----- DATA TO EXAMINE -----
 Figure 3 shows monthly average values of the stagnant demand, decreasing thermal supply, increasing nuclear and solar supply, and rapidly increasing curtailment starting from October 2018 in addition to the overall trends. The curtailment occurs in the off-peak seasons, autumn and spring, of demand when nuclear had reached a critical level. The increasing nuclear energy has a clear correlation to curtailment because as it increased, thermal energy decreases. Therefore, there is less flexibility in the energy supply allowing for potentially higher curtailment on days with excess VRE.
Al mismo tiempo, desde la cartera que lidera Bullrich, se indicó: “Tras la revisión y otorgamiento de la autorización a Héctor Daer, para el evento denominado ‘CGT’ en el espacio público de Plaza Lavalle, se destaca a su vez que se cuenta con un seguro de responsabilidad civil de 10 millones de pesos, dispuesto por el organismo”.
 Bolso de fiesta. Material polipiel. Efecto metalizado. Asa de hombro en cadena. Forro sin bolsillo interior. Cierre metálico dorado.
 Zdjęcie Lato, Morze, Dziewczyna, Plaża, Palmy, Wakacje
-----
----- DATA TO EXAMINE -----
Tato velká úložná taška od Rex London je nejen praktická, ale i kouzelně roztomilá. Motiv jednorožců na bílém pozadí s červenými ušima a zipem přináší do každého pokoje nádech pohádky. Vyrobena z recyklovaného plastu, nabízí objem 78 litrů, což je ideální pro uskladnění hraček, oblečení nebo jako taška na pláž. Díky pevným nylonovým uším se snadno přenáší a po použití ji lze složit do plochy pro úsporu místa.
-----
▶ EXERCISE INSTRUCTIONS: An exact, complete copy of the lines above from the one with "Bolso de fiesta." through the one with "Zdjęcie Lato, Morze, Dziewczyna, Plaża, Palmy, Wakacje" is the whole answer.

▶ RESPONSE:
 Bolso de fiesta. Material polipiel. Efecto metalizado. Asa de hombro en cadena. Forro sin bolsillo interior. Cierre metálico dorado.
 Zdjęcie Lato, Morze, Dziewczyna, Plaża, Palmy, Wakacje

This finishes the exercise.